With ransomware attacks that lock up systems, natural disasters, bankruptcies and other events disrupting or shutting down vendors, few companies can afford to wait out an interruption, especially if it means suspending their own essential operations, such as sending out bills and collecting payments.

To avoid business disruptions, more companies are signing up multiple vendors for vital operations. But they are shortchanging themselves if they focus only on averting disaster.

When working with multiple vendors for the same service, a more strategic approach can deliver significant benefits above and beyond business continuity. It requires a mindset and operational shift that centers on establishing primary and secondary vendors.

Rethinking multiple-vendor strategy

At first glance, it seems to make good business sense to diversify risk by splitting work evenly between two vendors. But this arrangement provides little incentive for either provider to move beyond a transactional relationship.

By giving one vendor 75% of the business, however, the client can create a partnership that leverages the best of that provider. In fact, a primary vendor often offers many of the same advantages as having a single vendor with 100% of the work, including favorable pricing based on guaranteed volume and simplified operations and vendor management.

How does a company select a primary transactional communications vendor? By evaluating the vendor’s strengths in eight key areas:

  • Transactional communications expertise
  • Growth and experience with long-term clients
  • Innovative and user-friendly omnichannel technology
  • Scalability
  • Customer focus
  • Partnership business model
  • Top-notch data and physical security
  • Strong, verifiable business continuity

From vendor to partner

A primary customer communications management vendor should enable a strategic transactional communications program while digitally transforming and automating processes for greater efficiency and effectiveness. It requires a powerful yet flexible CCM engine with both self-service and full-service capabilities to suit each client’s needs. 

The primary vendor needs to provide an omnichannel CCM platform for composing digital and paper communications that drive better customer experience, compliance, and engagement. The platform should enable companies to better manage and update individual preferences across print/mail, email and text messaging while providing personalized experiences with consistent branding across channels.

Another way to create seamless and efficient interactions: Automating a progressive delivery communications program. If an emailed statement or text message bounces or remains unopened for a pre-determined number of days, the system will print and mail the same bill, payment reminder, or other communication.

    Vendors need backup providers too

    Regardless of the model for dividing up work between vendors, simply adding a second vendor is not enough protection for a client’s vital services. Companies need to scrutinize and verify each vendor’s business continuity and disaster recovery preparations, including that they undergo regular third-party audits.

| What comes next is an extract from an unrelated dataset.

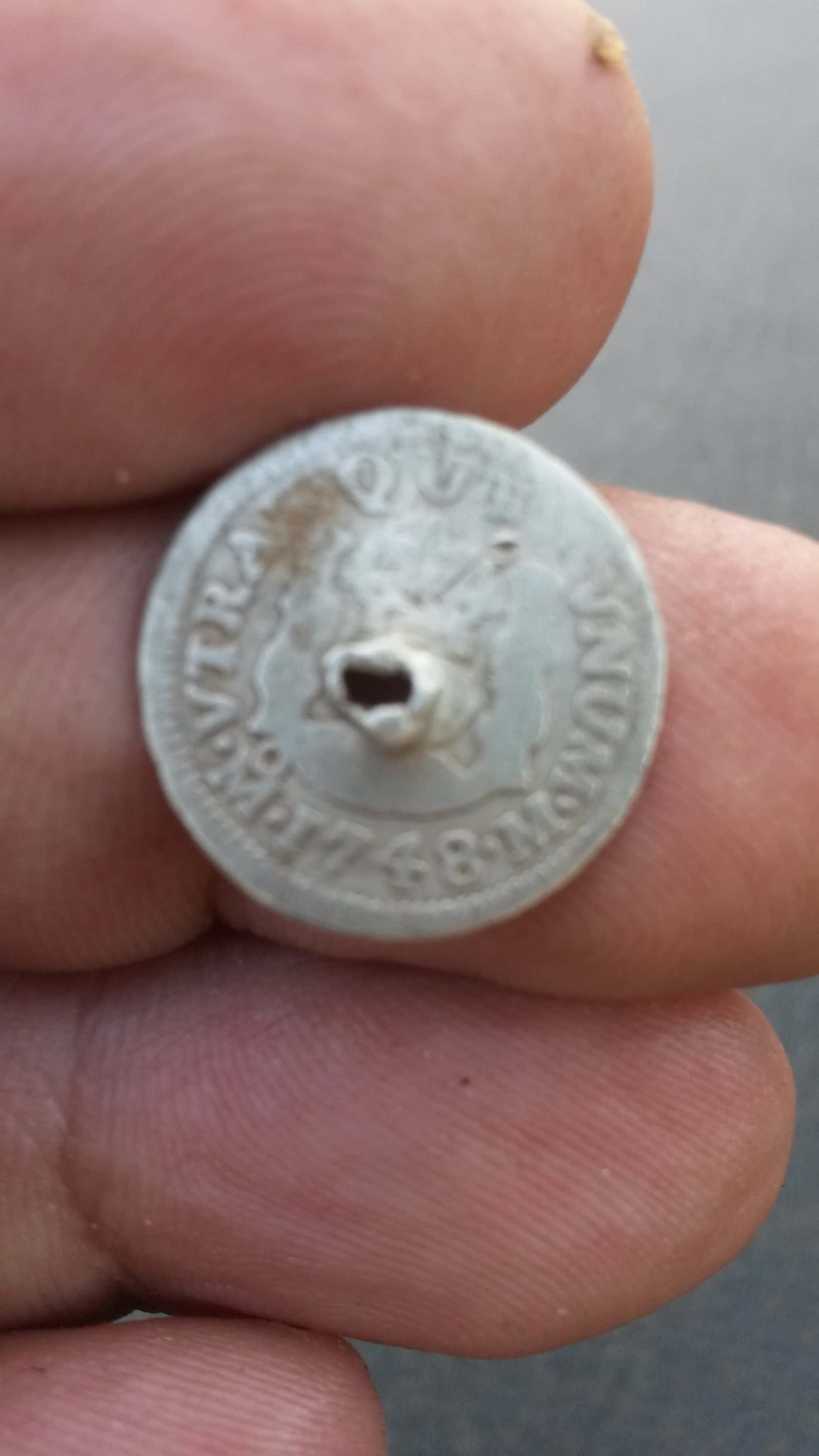 My father, Buzz Verneau and I have both bought AT Pros from Kellyco and were excited to try them out. We were lucky enough to get permission to hunt an area in middle Georgia that was a Civil War camp site on Sherman’s march to the sea. We had vision of three ringers and belt buckles dancing in our heads. Unfortunately, none of that came to pass, but to hours into the hunt I was surprised at what popped out of a shallow 2 inch plug. It was a holed 1748 half Reale with an “oM” mint mark (Mexico City). I could not believe my eyes. So thankful that my Dad was with me. Making memories.

    At Nordis Technologies, we invest in back-up vendors, redundant operations and a secure cloud operating model. Our cloud solutions mean companies don’t have to worry about their on-premise hardware or installed software failing or being infected. For our CCM platform Expresso®, we have primary vendors for texting and email as well as agreements with other providers that allow us to switch volume if needed. We also work with two financial technology firms with expertise in consumer payments to support our ExpressoPay ® electronic bill presentment and payments system.

    We have deliberately placed our print and mail facilities in different regions of the United States, namely Florida and Nevada. The plants have comparable equipment and capabilities. And we can switch jobs between the two plants with a single keyboard click. We also work with several paper and ink manufacturers to keep supplies flowing.